NRC launched a three-year plan in 2004 to build its sales force from six associates to 36, and saw an immediate return on its investment. For the year the company experienced a 10.3 percent increase in revenues to $29.7 million and an improvement in net income to $4.5 million. Nevertheless, Hays in his annual shareholders’ letter maintained that the “2004 performance was not up to our expectations. While top line growth in our core business was satisfactory, this growth was offset by volatility in federal government sector revenues.” While no major change of course was planned, Hays did promote Joseph W. Carmichael to president in 2004.
KEY DATES
- 1981:
- National Research Corporation (NRC) is founded in Lincoln, Nebraska.
- 1988:
- Healthcare Market Guide is first published.
- 1997:
- Company goes public.
- 2001:
- The Picker Institute healthcare survey business is acquired.
- 2003:
- NRC enters Canadian market.
- 2006:
- The Governance Institute is acquired.
Problems with federal sector contracts continued in early 2005, leading to a slow start, but conditions improved significantly in the second half of the year, resulting in an increase in sales to $32.4 million and net income to $5.2 million. NRC also took steps during the year to prepare the ground for future growth by completing another acquisition. In September 2005 it paid $3.5 million in cash for Geriatric Health Systems, LLC, a California-based company that performed surveys on insurance risk, patient outcomes, and member satisfaction for health plans in 40 states, including half of the largest payers.

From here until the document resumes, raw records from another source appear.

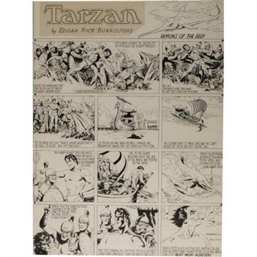 <B>Burne Hogarth - Tarzan Sunday Comic Strip Original Art, dated 5-26-40 (United Feature Syndicate, 1940). </B></I> It seems hard to believe today, but when the idea of a comic strip based on Edgar Rice Burroughs' famous jungle hero, Tarzan, was first pitched to the newspaper syndicates, no one was interested. It took the involvement of a first class artist, Hal Foster, to sell the strip, which then wasted no time becoming one of the most popular comic strips around. For many, though, the peak period of this strip began in 1937, when a former art teacher named Burne Hogarth began drawing the feature. Hogarth's command of composition and dynamic movement of form was like no other artist working in comics at that time. His art stands out today for its expressionistic vision and symbolic interpretation of nature. This action-packed episode pits the Ape-Man against some fierce gladiators, and includes an encounter with a number of scary-looking "demon fish." This spectacular Sunday has been framed to an overall size of 29" x 36", and the art is in Excellent condition. <BR><BR><b>Shipping:</b> Framed - with Glass, Large (<a target="_blank" href="http://www.heritageauctions.com/common/shipping.php">view shipping information</a>)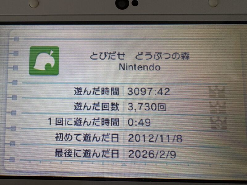 13年という長い期間には、無料でamiibo+というアップデートがあったり、スマートフォンアプリ「どうぶつの森ポケットキャンプ」がリリース、Switch用ソフト「あつまれどうぶつの森」が発売されたり、途中で本体を3DSLLに更新したり、と嬉しいこと、楽しいこともありましたが、始まりがあれば終わりもある。一昨年、本作のオンラインプレイサービスが終了してしまいました。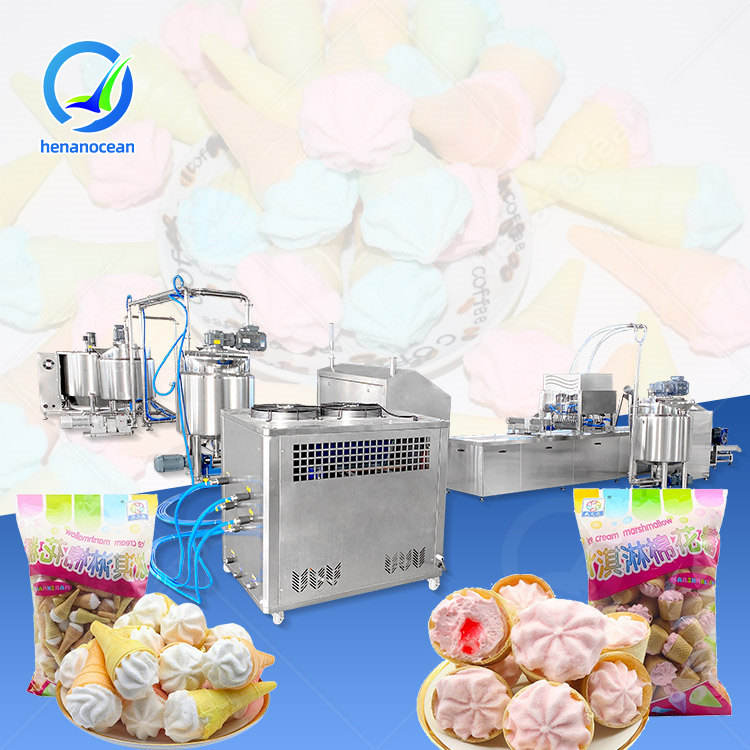 OCEAN Wholesale Ice Cream Cone Cotton Candy Machine Chocolate Center Filled Marshmallow Production Line

NRC grew even larger and created some diversity in May 2006 when it acquired San Diego-based The Governance Institute (TGI) for $19.8 million. After 20 years in business TGI was a well established company that hosted conferences to provide strategic advice to key executives at hospitals and health systems. As a result of these acquisitions, NRC’s revenues increased to $43.7 million in 2006 and net income totaled $5.9 million. With industry trends favoring it and a well-rounded slate of products and services, NRC appeared to be poised to enjoy steady growth in the years to come.
Ed Dinger
PRINCIPAL SUBSIDIARIES
Smaller World Communications, Inc.; The Governance Institute.
PRINCIPAL COMPETITORS
The Gallup Organization; Press Ganey Associates, Inc.; Verispan, L.L.C.
FURTHER READING
Cayton, Rodd, “Investors Like National Research,” Lincoln Journal Star, July 23, 2006.

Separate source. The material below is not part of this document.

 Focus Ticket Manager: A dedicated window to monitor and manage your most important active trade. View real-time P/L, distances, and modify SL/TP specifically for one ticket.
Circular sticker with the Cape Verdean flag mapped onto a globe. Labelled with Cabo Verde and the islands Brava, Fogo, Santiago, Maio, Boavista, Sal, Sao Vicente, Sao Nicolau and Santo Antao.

Crum, Rachelle, “Natl. Research Buys Conference Producer,” Tradeshow Week, June 19, 2006, p. 3.
Jordan, Steve, “Lincoln, Neb.-based Firm Credits Computer System for Fivefold Earnings Gain,” Omaha World-Herald, August 2, 2000.
Larson, Virgil, “Lincoln, Neb.-based National Research Says Profits Grew 53 Percent,” Omaha World-Herald, November 6, 2002.
Olberding, Matt, “National Research Buys California Company,” Lincoln Journal Star, September 20, 2005.
Piersoli, Richard, “National Research of Lincoln Buys San Diego Company,” Lincoln Journal Star, May 31, 2006.